# [REQUIRED WORK]
Please copy out the full listing that follows exactly; no picture belongs in the copy.

# [INFORMATION SUPPLIED]
····················
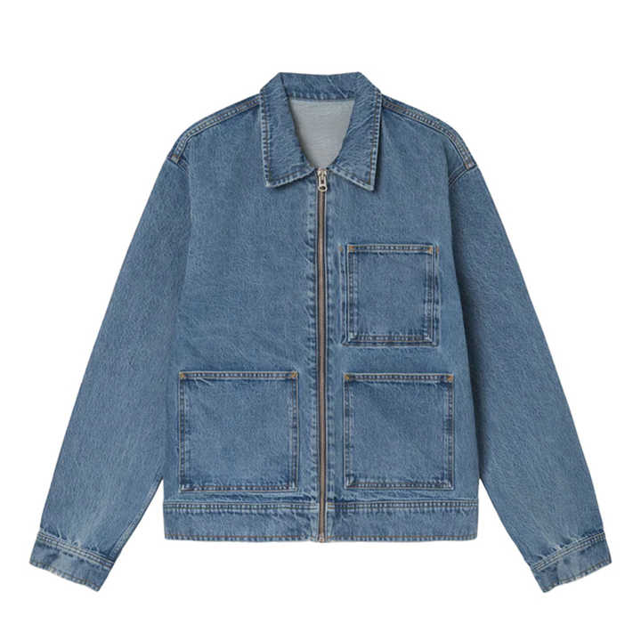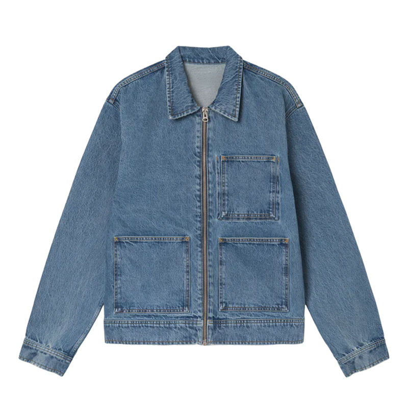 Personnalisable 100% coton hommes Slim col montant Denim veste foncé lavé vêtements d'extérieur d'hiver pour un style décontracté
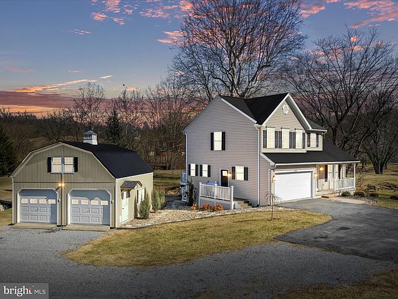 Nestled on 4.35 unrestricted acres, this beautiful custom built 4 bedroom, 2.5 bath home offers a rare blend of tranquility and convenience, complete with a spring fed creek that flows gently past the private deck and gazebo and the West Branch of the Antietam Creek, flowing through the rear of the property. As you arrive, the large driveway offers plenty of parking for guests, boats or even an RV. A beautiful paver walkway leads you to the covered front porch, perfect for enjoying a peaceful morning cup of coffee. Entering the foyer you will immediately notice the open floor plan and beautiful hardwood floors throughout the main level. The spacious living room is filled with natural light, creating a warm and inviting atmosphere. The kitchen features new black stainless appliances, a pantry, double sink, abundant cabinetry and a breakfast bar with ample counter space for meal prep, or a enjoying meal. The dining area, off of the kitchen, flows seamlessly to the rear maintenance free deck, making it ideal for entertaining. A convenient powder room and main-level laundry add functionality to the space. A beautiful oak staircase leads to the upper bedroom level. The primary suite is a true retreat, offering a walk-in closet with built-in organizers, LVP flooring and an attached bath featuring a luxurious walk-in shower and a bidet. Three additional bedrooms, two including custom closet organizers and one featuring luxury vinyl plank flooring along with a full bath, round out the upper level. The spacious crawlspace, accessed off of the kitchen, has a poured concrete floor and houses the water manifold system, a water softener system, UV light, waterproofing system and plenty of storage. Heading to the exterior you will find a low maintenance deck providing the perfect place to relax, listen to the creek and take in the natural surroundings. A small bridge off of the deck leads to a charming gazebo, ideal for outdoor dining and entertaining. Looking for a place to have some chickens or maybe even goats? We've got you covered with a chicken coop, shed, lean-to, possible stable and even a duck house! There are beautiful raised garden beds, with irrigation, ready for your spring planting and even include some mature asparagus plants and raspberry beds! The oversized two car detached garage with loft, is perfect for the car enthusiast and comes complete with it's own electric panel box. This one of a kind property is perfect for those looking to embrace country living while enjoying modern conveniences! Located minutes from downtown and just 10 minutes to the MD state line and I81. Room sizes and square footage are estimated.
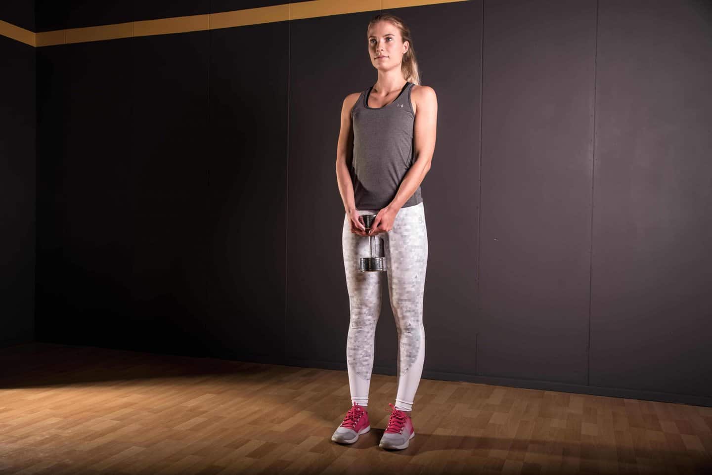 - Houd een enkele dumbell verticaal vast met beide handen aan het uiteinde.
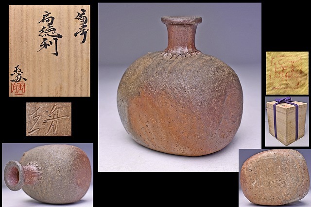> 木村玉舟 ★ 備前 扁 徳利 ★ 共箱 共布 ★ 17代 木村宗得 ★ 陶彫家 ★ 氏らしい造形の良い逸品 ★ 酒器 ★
····················
# [SOLUTION TO THIS EXERCISE]
 Personnalisable 100% coton hommes Slim col montant Denim veste foncé lavé vêtements d'extérieur d'hiver pour un style décontracté
 Nestled on 4.35 unrestricted acres, this beautiful custom built 4 bedroom, 2.5 bath home offers a rare blend of tranquility and convenience, complete with a spring fed creek that flows gently past the private deck and gazebo and the West Branch of the Antietam Creek, flowing through the rear of the property. As you arrive, the large driveway offers plenty of parking for guests, boats or even an RV. A beautiful paver walkway leads you to the covered front porch, perfect for enjoying a peaceful morning cup of coffee. Entering the foyer you will immediately notice the open floor plan and beautiful hardwood floors throughout the main level. The spacious living room is filled with natural light, creating a warm and inviting atmosphere. The kitchen features new black stainless appliances, a pantry, double sink, abundant cabinetry and a breakfast bar with ample counter space for meal prep, or a enjoying meal. The dining area, off of the kitchen, flows seamlessly to the rear maintenance free deck, making it ideal for entertaining. A convenient powder room and main-level laundry add functionality to the space. A beautiful oak staircase leads to the upper bedroom level. The primary suite is a true retreat, offering a walk-in closet with built-in organizers, LVP flooring and an attached bath featuring a luxurious walk-in shower and a bidet. Three additional bedrooms, two including custom closet organizers and one featuring luxury vinyl plank flooring along with a full bath, round out the upper level. The spacious crawlspace, accessed off of the kitchen, has a poured concrete floor and houses the water manifold system, a water softener system, UV light, waterproofing system and plenty of storage. Heading to the exterior you will find a low maintenance deck providing the perfect place to relax, listen to the creek and take in the natural surroundings. A small bridge off of the deck leads to a charming gazebo, ideal for outdoor dining and entertaining. Looking for a place to have some chickens or maybe even goats? We've got you covered with a chicken coop, shed, lean-to, possible stable and even a duck house! There are beautiful raised garden beds, with irrigation, ready for your spring planting and even include some mature asparagus plants and raspberry beds! The oversized two car detached garage with loft, is perfect for the car enthusiast and comes complete with it's own electric panel box. This one of a kind property is perfect for those looking to embrace country living while enjoying modern conveniences! Located minutes from downtown and just 10 minutes to the MD state line and I81. Room sizes and square footage are estimated.
 - Houd een enkele dumbell verticaal vast met beide handen aan het uiteinde.
> 木村玉舟 ★ 備前 扁 徳利 ★ 共箱 共布 ★ 17代 木村宗得 ★ 陶彫家 ★ 氏らしい造形の良い逸品 ★ 酒器 ★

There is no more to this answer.